Nevirapine extended-release (NVP-XR) taken once daily
remains an effective antiretroviral agent for patients infected with HIV-1
strains that do not harbor resistance mutations. Presence of tablet remnants of
NVP XR in stools was reported in 1.19% and 3.05% of subjects in two clinical
trials. However, the prevalence may have been underestimated because the
information was retrospectively collected in the studies.

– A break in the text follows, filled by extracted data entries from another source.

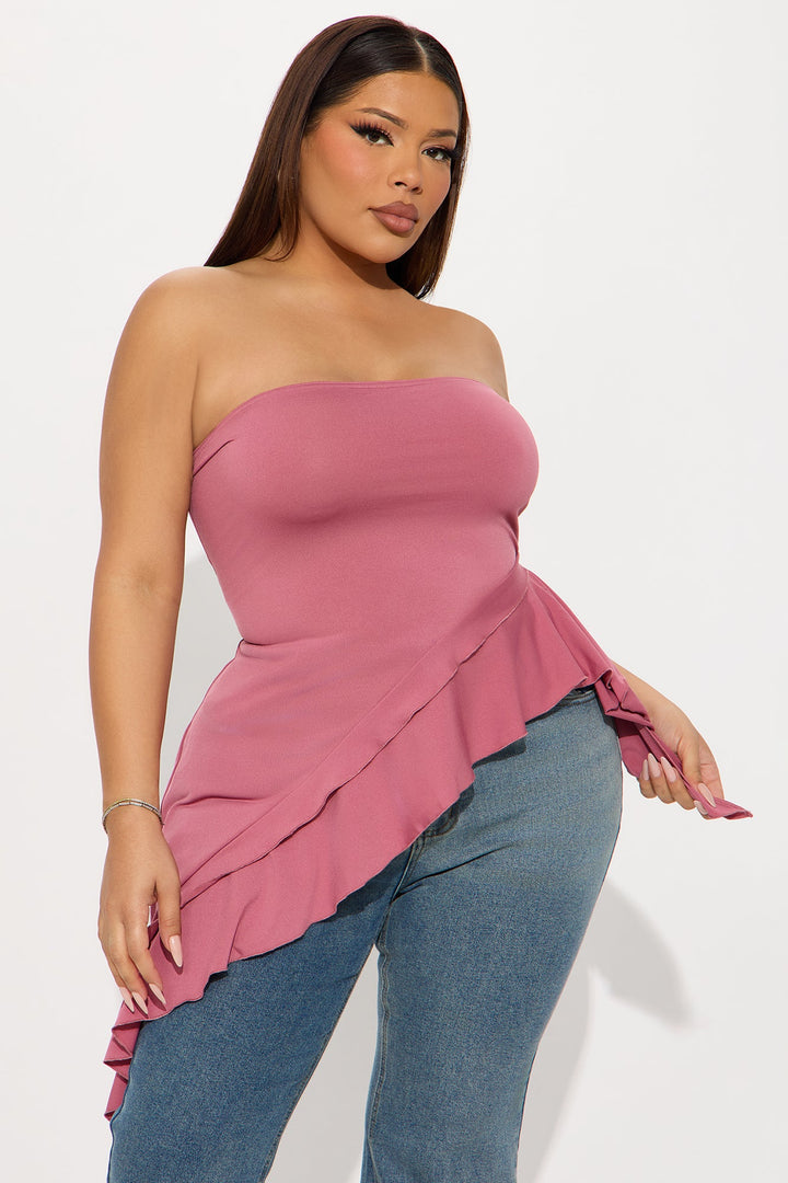 Available In Black And Rose. | Asymmetrical Top | Strapless | Ruffle Trim | Stretch | 95% Polyester 5% Spandex | Imported
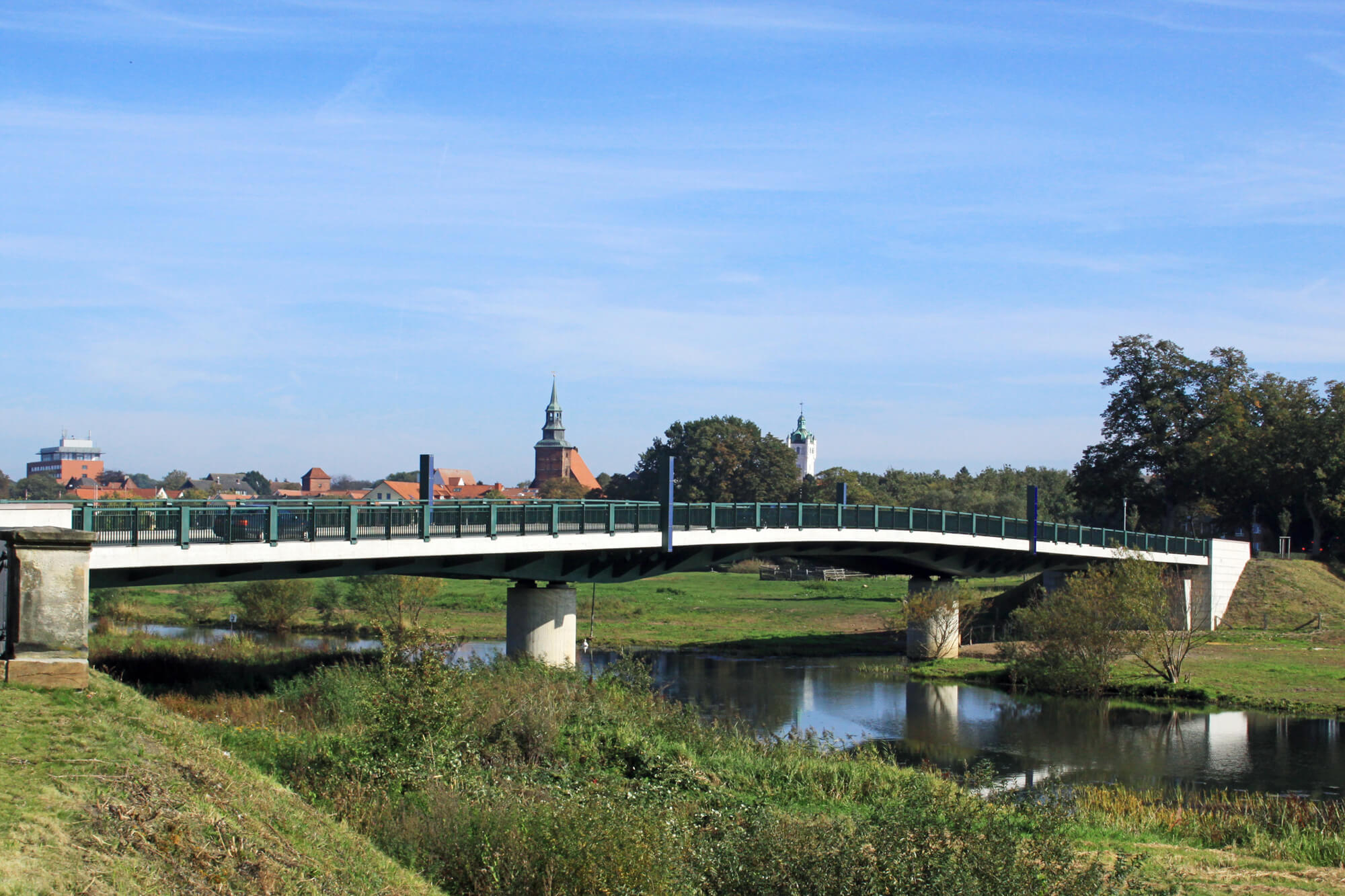 Herausforderung: Bei der Planung des Neubaus der Straßenbrücke in Verden waren durch pb+, zahlreiche Randbedingungen zu beachten, u. a.: ausreichend große lichte Öffnung für den Hochwasserschutz / möglichst kurze Bauzeit / keine Beeinflussung des umgebenden Biotops bei der Errichtung / Einpassung in das Landschafts und Stadtbild /angemessene Gestaltung.
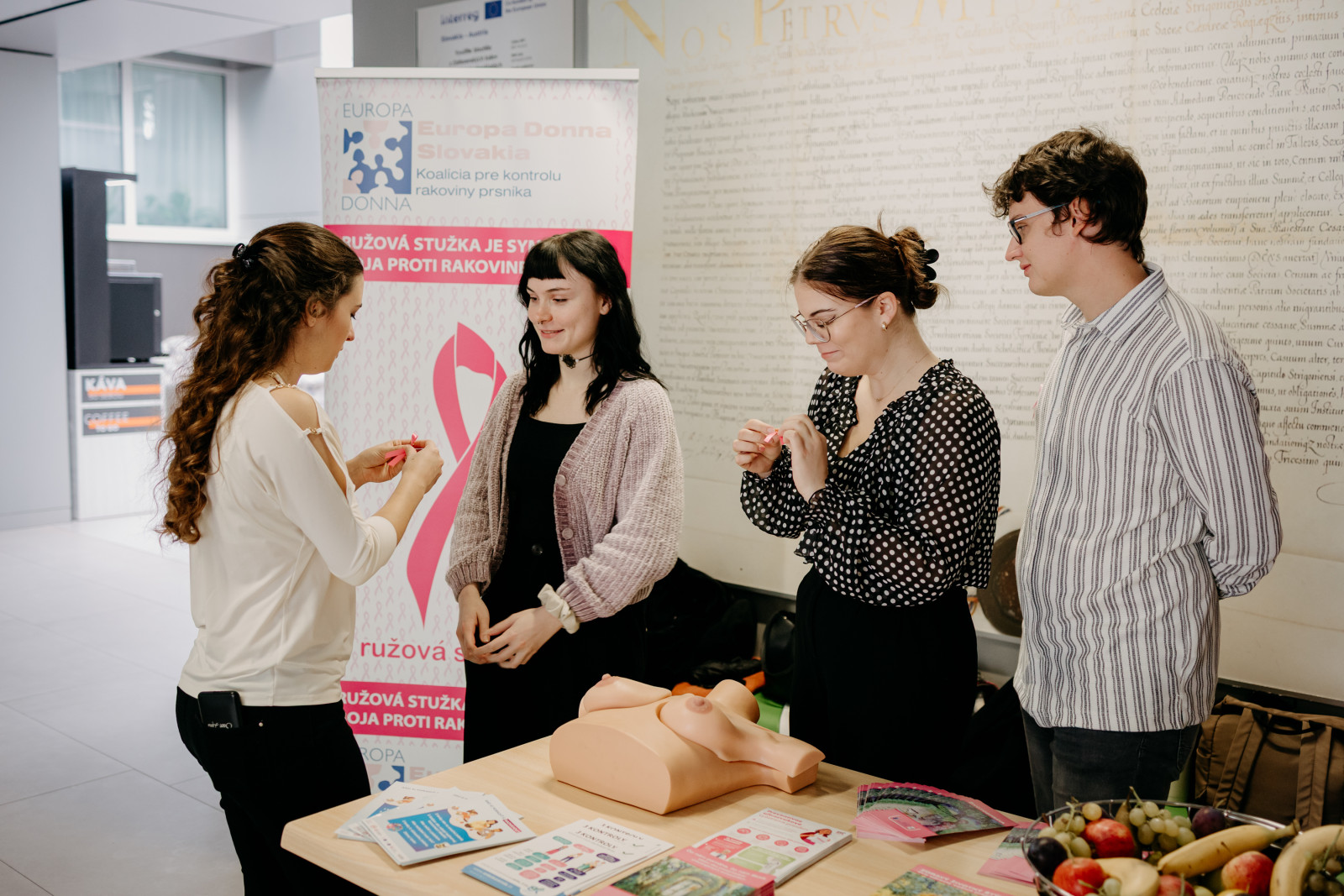 Študenti vedomosti o ochorení, dôležitosti prevencie a samovyšetrovaní prsníkov odovzdávali študentom, pedagógom a zamestnancom Trnavskej univerzity. Cieľom bolo šíriť informácie, ktoré môžu zachrániť život.
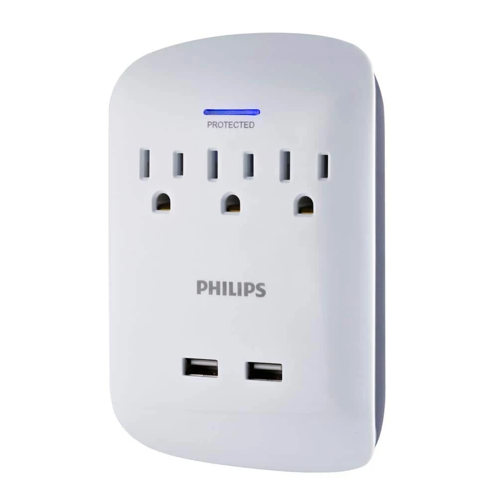 Charge and power all your devices at once with the Philips 3-Outlet Surge Protector with 2 USB Ports. Featuring three grounded outlets and 2 USB charging ports, the wall surge protector transforms your regular outlet into an efficient, multipurpose charging station. The USB charging ports reduce the need for additional charging blocks and adapters. The space saving surge protector design is ideal for placement in any room in your home, regardless of size or layout. In the event of a power surge, the wall tap includes 900 joules of surge protection to keep your connected devices safe from damage, while the LED indicator light stays on to let you know your surge protector is functioning properly. Use the Philips wall surge protector as part of your permanent home or office setup or, for holidays and special occasions, create a centralized location for powering a room’s worth of electronic lights and decorations. Get the most from your outlet with the Philips 900 Joule Surge Protector with 2 USB Ports.
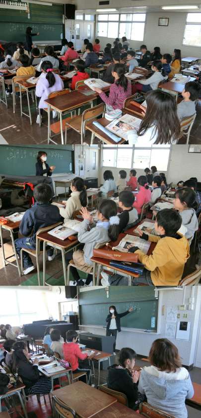 2月8日(水)、4年生の音楽授業のようすです。『こきりこ』を題材に、日本の音楽の雰囲気を感じ取って、打楽器で演奏する学習に取り組んでいました。
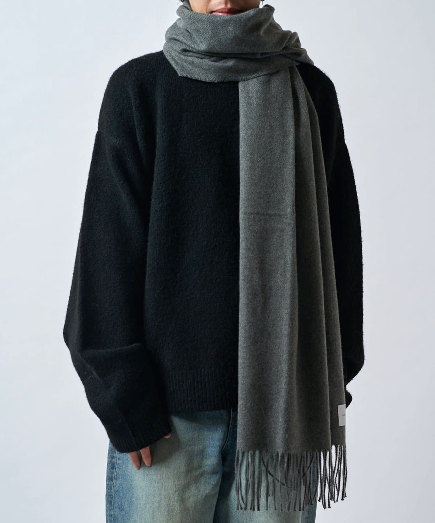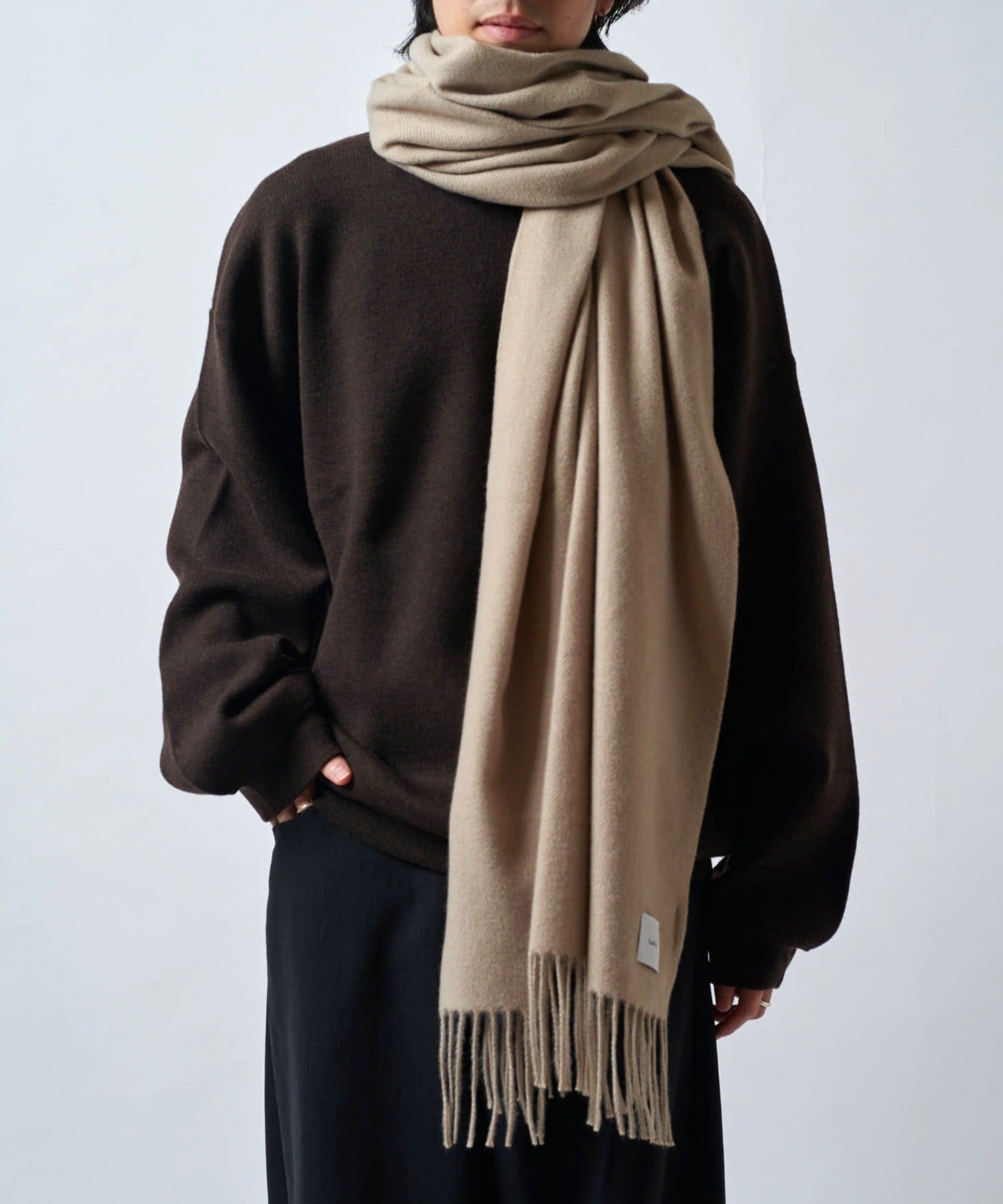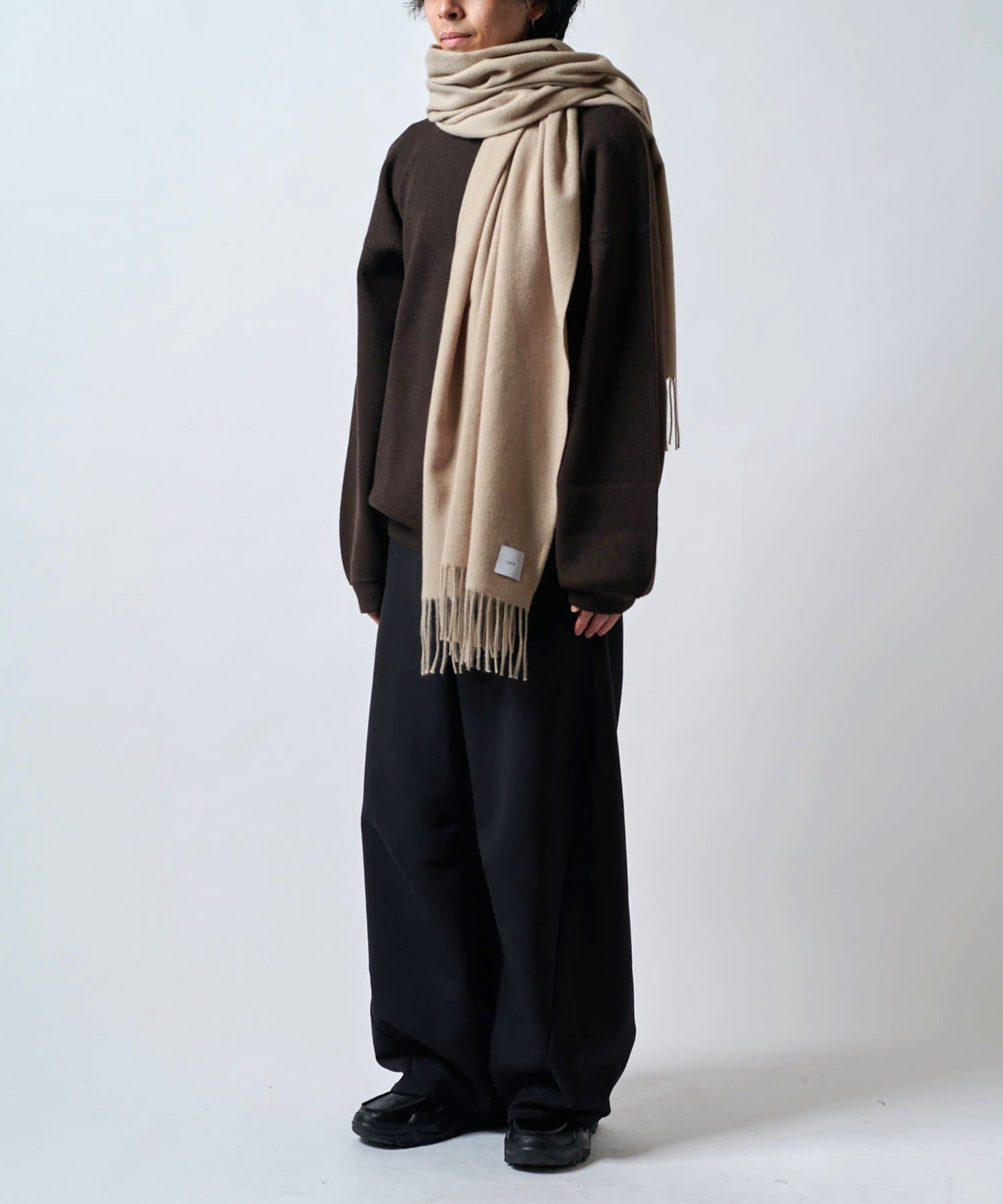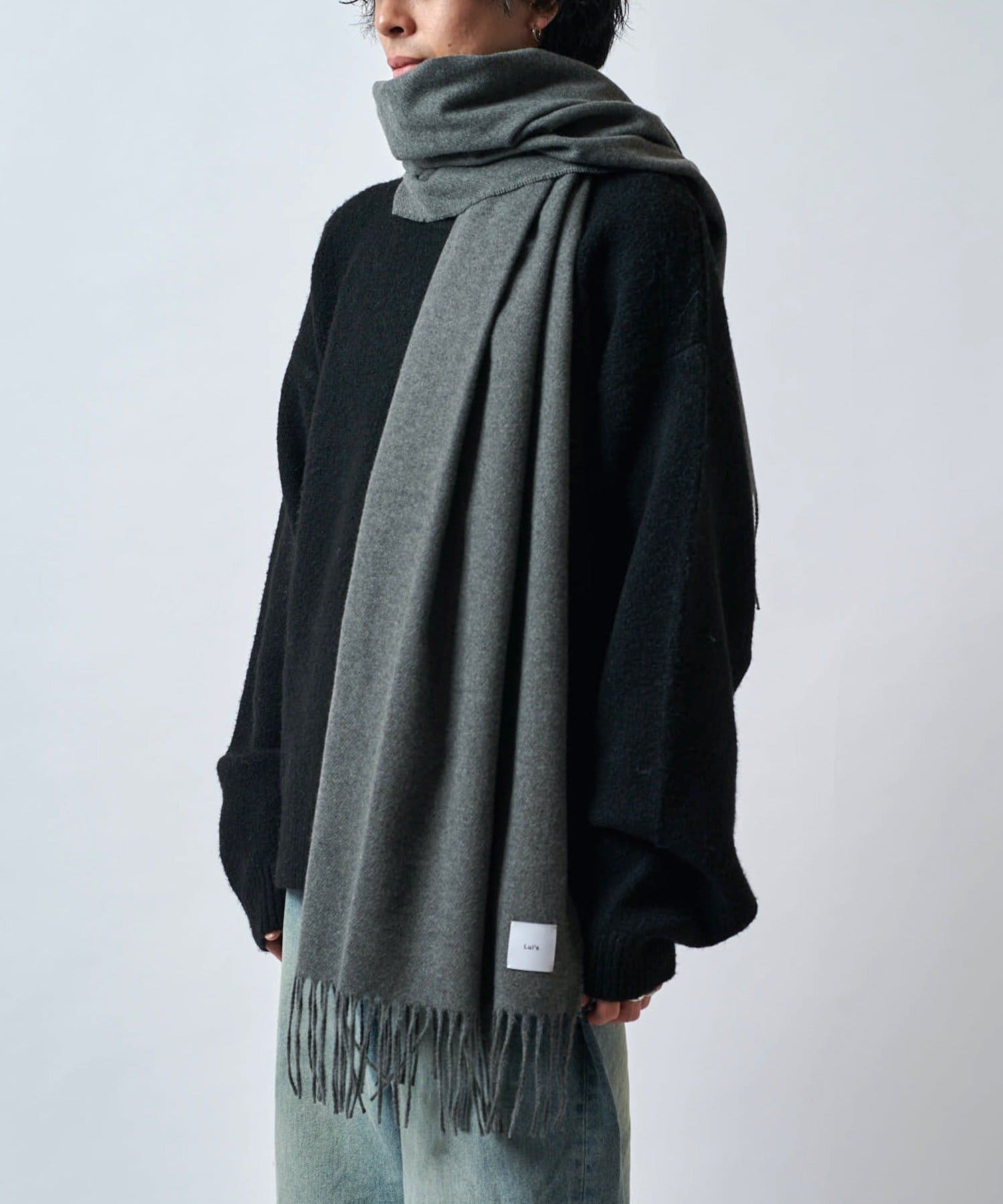 かなりワイドな横幅にロング丈のオーバーサイズマフラー。
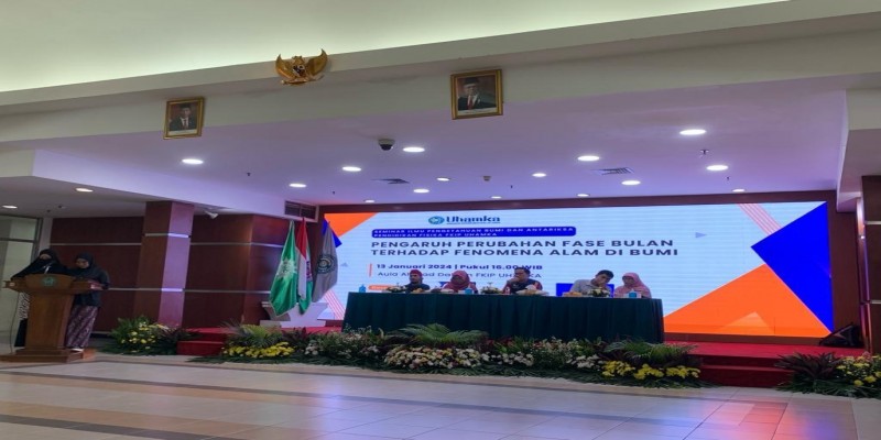 Mahasiswa Pendidikan Fisika Fakultas Keguruan dan Ilmu Pendidikan (FKIP) Universitas Muhammadiyah Prof. DR. HAMKA (Uhamka) menggelar seminar dengan tema Pengaruh Perbedaan Fase Bulan Terhadap Fenomena Alam di Bumi di Aula Ahmad Dahlan Gedung FKIP Uhamka,Sabtu (13/1).

Between April and December 2014, we prospectively inquired
about the frequency of noticing tablet remnants of NVP XR in stools in
HIV-1-infected patients who switched to antiretroviral regimens containing NVP
XR plus 2 nucleos(t)ide
reverse-transcriptase inhibitors. Patients were invited to participate in
therapeutic drug monitoring of plasma concentrations of NVP 12 or 24 hours
after taking the previous dose (C12 and C24, respectively) of NVP XR using
high-performance liquid chromatography. The information on clinical
characteristics, including plasma HIV RNA load and CD4 lymphocyte count, at
baseline and during follow-up was recorded.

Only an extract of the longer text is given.